The other side of the coin is that very often quantum leaps forward only occur when new technological options come in. Rituximab was a new technological option - for safe and efficient killing of B cells. It may be that we will not move forward until we have a safe and efficient plasma cell killing agent. But in malignant disease people found mixtures that worked just by systematic trial and error.

In the case of ME I have to say that I think this may be largely irrelevant because the suggestion that rituximab might be useful turned out to be wrong. Fluge and Mella did exactly the right experiment, which was well worth doing, but the result was negative. It would be reasonable to try a T cell depletion treatment like Campath or an interlocking 17 blocker in a few cases but it would not be without risk and at present I am not sure it would be ethical.

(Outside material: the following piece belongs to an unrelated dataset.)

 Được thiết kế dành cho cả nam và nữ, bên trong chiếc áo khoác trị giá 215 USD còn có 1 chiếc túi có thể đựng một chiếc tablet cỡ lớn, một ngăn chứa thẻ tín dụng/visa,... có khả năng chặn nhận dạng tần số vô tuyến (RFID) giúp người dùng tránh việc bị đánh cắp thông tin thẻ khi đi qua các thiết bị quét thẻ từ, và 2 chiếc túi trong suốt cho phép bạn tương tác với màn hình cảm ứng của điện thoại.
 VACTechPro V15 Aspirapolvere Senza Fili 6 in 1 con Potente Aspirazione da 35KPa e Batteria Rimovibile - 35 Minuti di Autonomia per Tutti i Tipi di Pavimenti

Thanks for explaining. I like your ability to call a spade a spade. It's refreshing.

 

[Sasha]

What should have happened in 2001 was a concerted attempt to use drug combinations to work out exactly what clones needed to be removed in conditions like rheumatoid arthritis or lupus or multiple sclerosis. This was not done partly because the drugs belonged to competing companies, partly because government agencies expected the drug companies to pay for all the work and therefore do the trials and partly because none of the drug companies actually wanted a curative treatment. They only wanted to sell as much drug as possible under patent and that meant long term usage, not cure.

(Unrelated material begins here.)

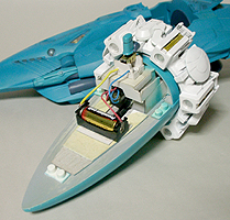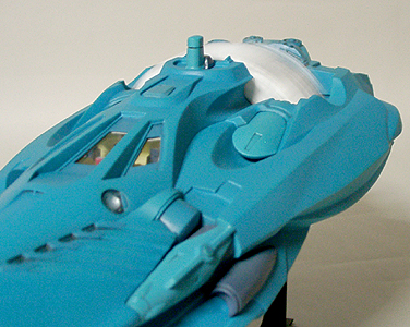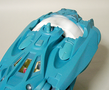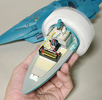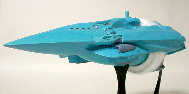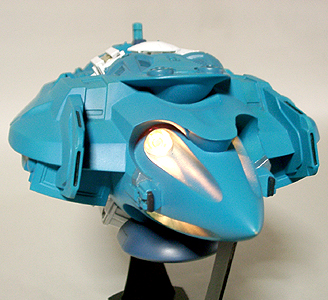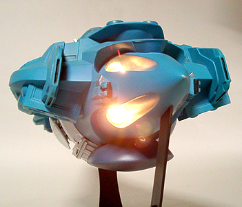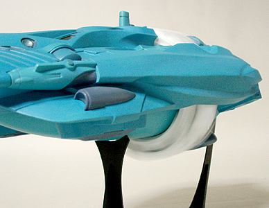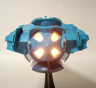 本当は発光部をLEDでやる予定でしたが、単品価格が高かったのであきらめました。設定では推進器であるもののジェットエンジンではないので炎が出ているわけではありません。イメージでは、無色の光か青白い光で考えていました。スピードによって色を変えてもいい気がします。 |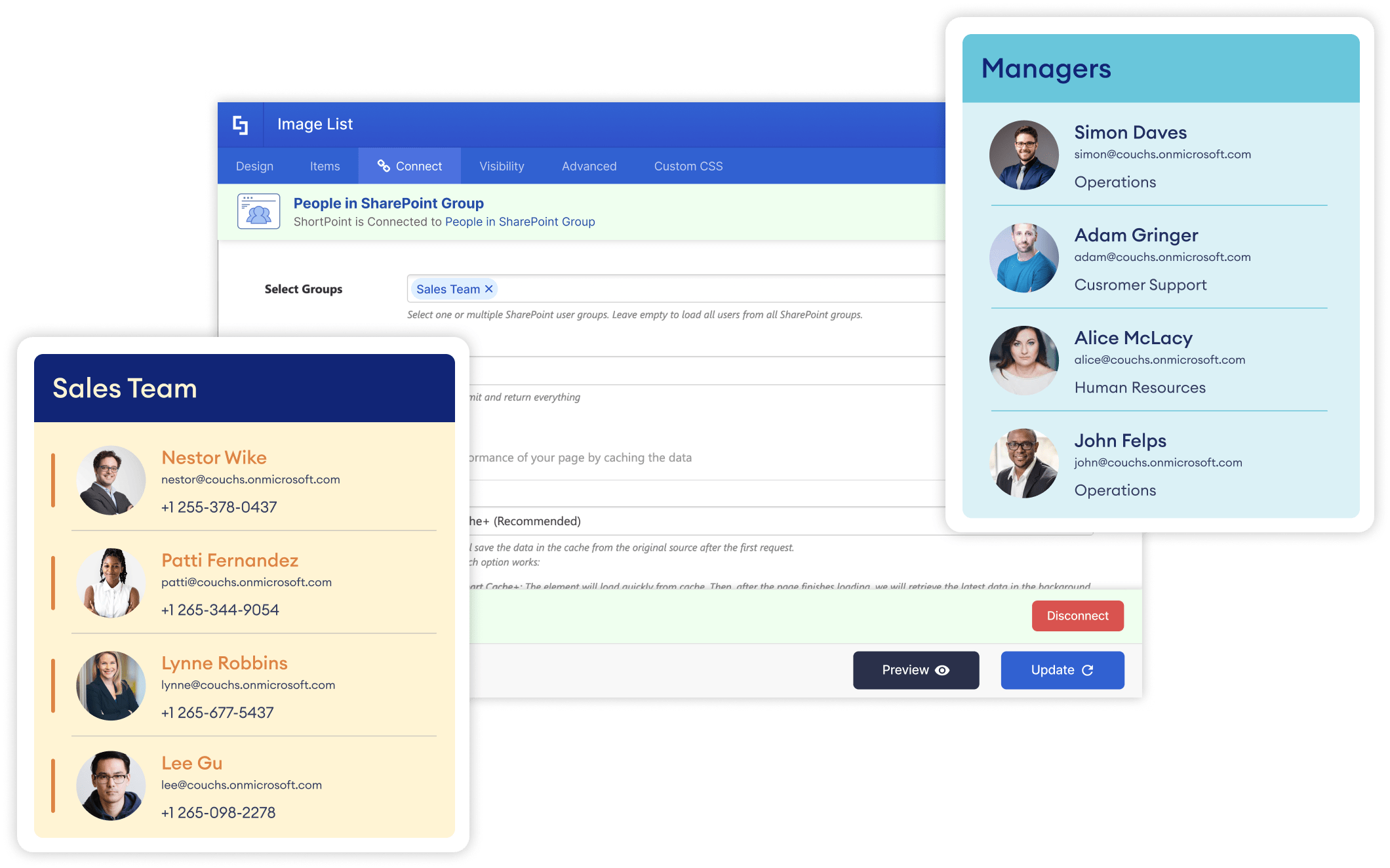 With the People in a SharePoint Group integration type you can display the information about the group members of your organization in SharePoint on the page.

Another part of the problem is that the general dumbing down of science has meant that even within academic immunology hardly anyone understood what research had already proven. People went on believing in theories from the 1960s, rehashed repeatedly to sound trendy. So nobody tried to set up the crucial studies. For instance there should have been studies in lupus deliberately trying to reduce immunoglobulin levels to zero for a short period. Nobody did these because they did not understand why that would be needed to test a particular line of attack. Trials where immunoglobulin levels fell were terminated.

This is both fascinating and horrific. Aren't there RA charities who should be clamouring for this work? And raising funds to pay for it? Do you have a sense of why they don't take action?

 

[Jonathan Edwards]

Do you have a sense of why they don't take action?

Because they are dumb, @Sasha. The sad reality is that most people in charge in science are dumb.